現物株式

投資の世界に足を踏み入れると分かる事ですが、
株式投資には、「現物取引(現物株式)」と「信用取引(信用株式)」の二種類が存在しています。
この二つは、主にそれぞれの対比で使われる事が多く見られます。

具体的には、「現物取引」は、『自分自身で株に投資出来る金額=株を購入出来る金額』となるのに対し、
「信用取引」は『株に投資出来る自己資金分を担保として、その三倍まで株を購入出来る』手法です。
当然ながら、株を購入出来る金額の大きい信用取引の方が、実際の取引において、利益も損失も大きくなります。

借りにの話になりますが、もしも、現物取引・信用取引の二つの手法で同時に、
同じ銘柄の株式を100円で購入した場合、
現物取引で100株購入出来るなら信用取引なら300株程購入出来る事になります。
この為、取引が上手く成立して利益が出た場合、信用取引は三倍の利益が見込めます。

しかし反面、利益が上手くいかず損失を計上した場合、信用取引は三倍の損となってしまいます。
信用取引は損益がどちらに転んでも、現物取引の三倍になる為、非常にリスク&リターンの大きな取引方法なのです。

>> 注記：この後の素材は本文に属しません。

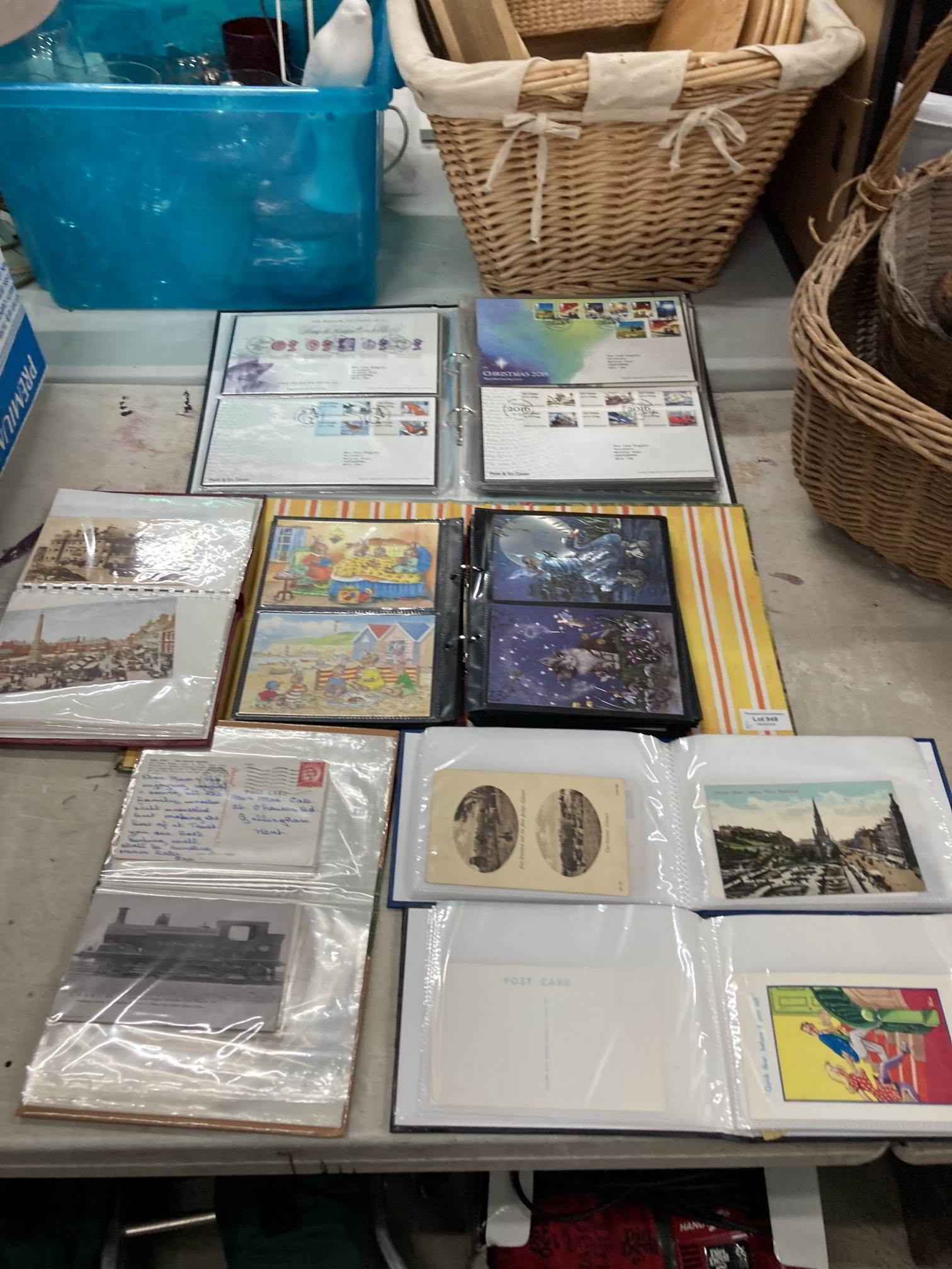 Albums containing vintage humerous and black and white and coloured scenic postcards, Molly Brett nostalgic postcards, Jean Henry fairy postcards, and an album of First Day covers incl. Tale of Beatrix Potter, Seaside Architecture etc
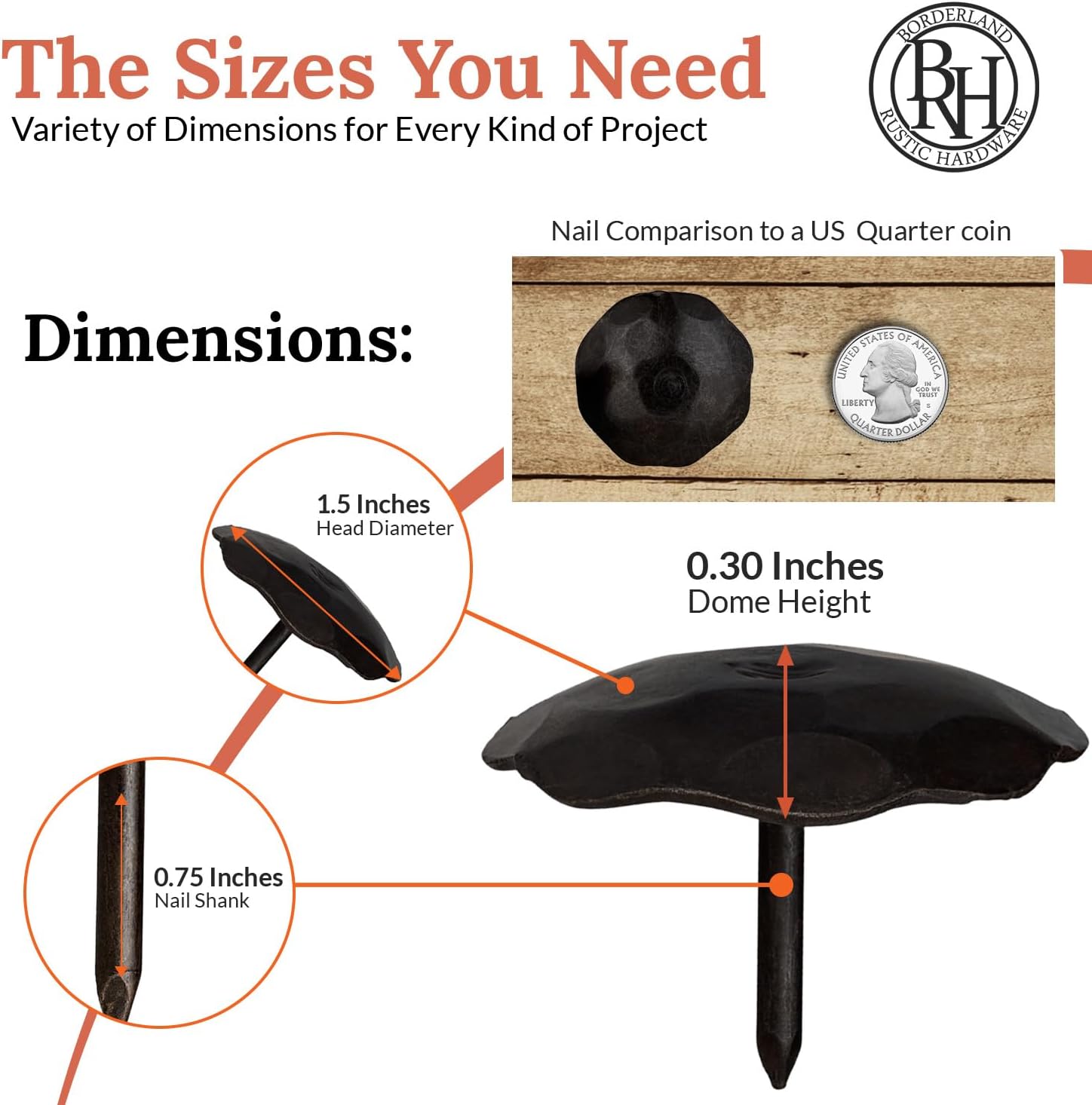 50 Pack 1.5" Round Head Iron Clavos Decorative Nails – Sealed Unfinished – Handmade Rustic Round Fasteners for Farmhouse Shutters, Faux Wood, Barn Doors, Shutters, Gates – Ornamental Wood Accent
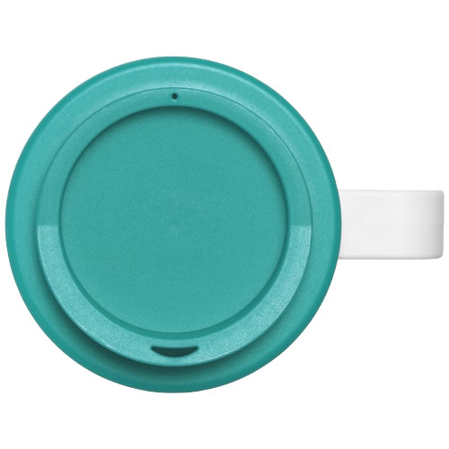 Izolovaný hrnek s nasazovacím víkem proti rozlití s dvojitou stěnou a integrovanou rukojetí. Vnější vrstva hrnku je vyrobena z recyklovaného plastu. Hrnek se vyznačuje plněbarevným designem přizpůsobeným výrobku, díky kterému je odolný a má dlouhou životnost. EN12875-1 kompatibilní; vhodný do myčky na nádobí a mikrovlnné trouby. Objem je 350 ml. Míchejte a spojujte barvy a vytvořte si tak svůj ideální hrnek. Pro další možnosti barev se obraťte na zákaznický servis. Vyrobeno v Spojeném království. Dodáván v bílé dárkové krabičce. Neobsahuje BPA.
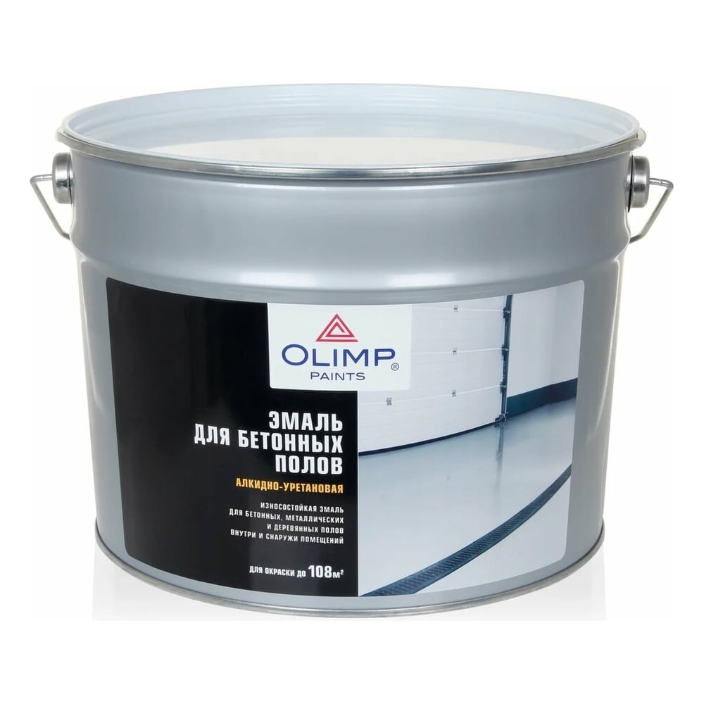 Эмаль для бетонных полов OLIMP (серая; 9 л) 15989 предназначена для бетонных, металлических и деревянных полов внутри и снаружи помещений, в том числе помещений с высокими эксплуатационными нагрузками (гаражи, автомастерские, складские комплексы, торговые залы).

この為、株式の世界では一般的に、初心者にお勧めなのは現物取引とされています。
ゆくゆくは信用取引を扱うにしても、まずは現物取引で経験を事が推奨されます。

ここでは、その現物取引について、もう少し触れてみましょう。
株式の現物取引の魅力で挙げられるのは、信用取引に対して、リスクが少ない事です。
もしも投資に失敗した場合でも、損失は投資金額分に留まる為、最悪でも借金を背負わずに済ませる事が出来ます。
また、現物取引は、株式取引の基本である、
「自己資金の許す範囲内で、安く株式を買い、値上がりを待って売却し利益を出す」という一連の流れを、
まずは練習がてら繰り返せるという魅力があります。

ゆくゆくは信用取引を行うにしても、まずは数か月から一年程度は現物取引の範囲に投資を留め、
別の部分の株式の魅力である株主優待制度等を受け取る事から始めてみましょう。